Mutual TLS (mTLS) provides strong, certificate-based authentication for both clients and servers, yet its adoption for user-facing websites remains rare. This paper presents a longitudinal study of mTLS usability, tracking 46 senior and graduate computer science students who configured client certificates from scratch, used them for routine authentication over a semester-long course, and managed credentials across multiple devices. The results reveal that initial setup is a major bottleneck; while daily use was considered smooth, it did not improve long-term usability perceptions. Most concerningly, only 9% of participants fully understood the security implications of certificate-based authentication. We conclude that in a realistic, tooling-heavy deployment utilizing OpenSSL, a custom CA, and a 3072-bit minimum key requirement, even highly technical students struggled significantly. We argue this provides empirical evidence that today mTLS user experience is fundamentally misaligned with non-PKI specialists, and it is difficult to see a path toward mainstream adoption without substantial platform-level changes.
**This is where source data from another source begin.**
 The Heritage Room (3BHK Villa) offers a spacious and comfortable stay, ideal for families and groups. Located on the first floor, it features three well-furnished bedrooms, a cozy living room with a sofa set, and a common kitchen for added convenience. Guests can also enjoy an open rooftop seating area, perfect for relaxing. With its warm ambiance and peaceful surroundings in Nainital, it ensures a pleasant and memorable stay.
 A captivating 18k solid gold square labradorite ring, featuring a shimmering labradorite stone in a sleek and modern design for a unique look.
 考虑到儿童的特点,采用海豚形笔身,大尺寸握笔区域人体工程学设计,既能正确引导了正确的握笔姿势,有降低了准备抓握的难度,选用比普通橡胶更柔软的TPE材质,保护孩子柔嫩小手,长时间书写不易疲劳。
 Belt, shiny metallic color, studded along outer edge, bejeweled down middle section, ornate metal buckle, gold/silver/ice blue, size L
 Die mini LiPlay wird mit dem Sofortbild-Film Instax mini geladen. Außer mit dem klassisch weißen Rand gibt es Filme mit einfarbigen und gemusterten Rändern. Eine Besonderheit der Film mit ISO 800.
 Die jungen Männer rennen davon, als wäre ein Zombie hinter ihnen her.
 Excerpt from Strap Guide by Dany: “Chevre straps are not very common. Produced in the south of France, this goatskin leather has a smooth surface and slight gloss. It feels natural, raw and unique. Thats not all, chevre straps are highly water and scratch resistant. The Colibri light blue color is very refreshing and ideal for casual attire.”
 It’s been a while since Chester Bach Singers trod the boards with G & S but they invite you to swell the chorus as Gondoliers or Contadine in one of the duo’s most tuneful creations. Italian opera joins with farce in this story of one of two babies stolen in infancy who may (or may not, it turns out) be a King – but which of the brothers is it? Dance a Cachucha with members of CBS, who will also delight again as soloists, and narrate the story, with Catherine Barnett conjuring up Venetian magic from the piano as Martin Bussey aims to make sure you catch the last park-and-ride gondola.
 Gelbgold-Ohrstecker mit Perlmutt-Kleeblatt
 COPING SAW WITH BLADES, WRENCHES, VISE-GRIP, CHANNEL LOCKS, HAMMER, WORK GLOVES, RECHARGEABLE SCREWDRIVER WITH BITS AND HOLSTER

翻译：相互TLS（mTLS）为客户端和服务器提供了基于证书的强身份验证机制，但其在面向用户的网站中仍鲜有应用。本文对mTLS可用性开展了纵向研究，追踪了46名高年级本科生及研究生计算机科学专业学生：他们需从零配置客户端证书、在为期一学期的课程中将其用于常规身份验证，并在多设备间管理凭证。研究结果表明，初始配置是主要瓶颈环节；尽管日常使用体验尚算流畅，但并未改善用户对长期可用性的认知。最令人担忧的是，仅9%的参与者完全理解基于证书身份验证的安全含义。我们得出结论：在采用OpenSSL、自定义CA及3072位最小密钥要求的真实复杂工具链部署场景下，即使具备高阶技术能力的学生也面临显著困难。本文认为，这提供了经验证据表明当前mTLS用户体验与非PKI专业人员的需求根本性错位，若无重大平台级变革，主流应用前景难以预见。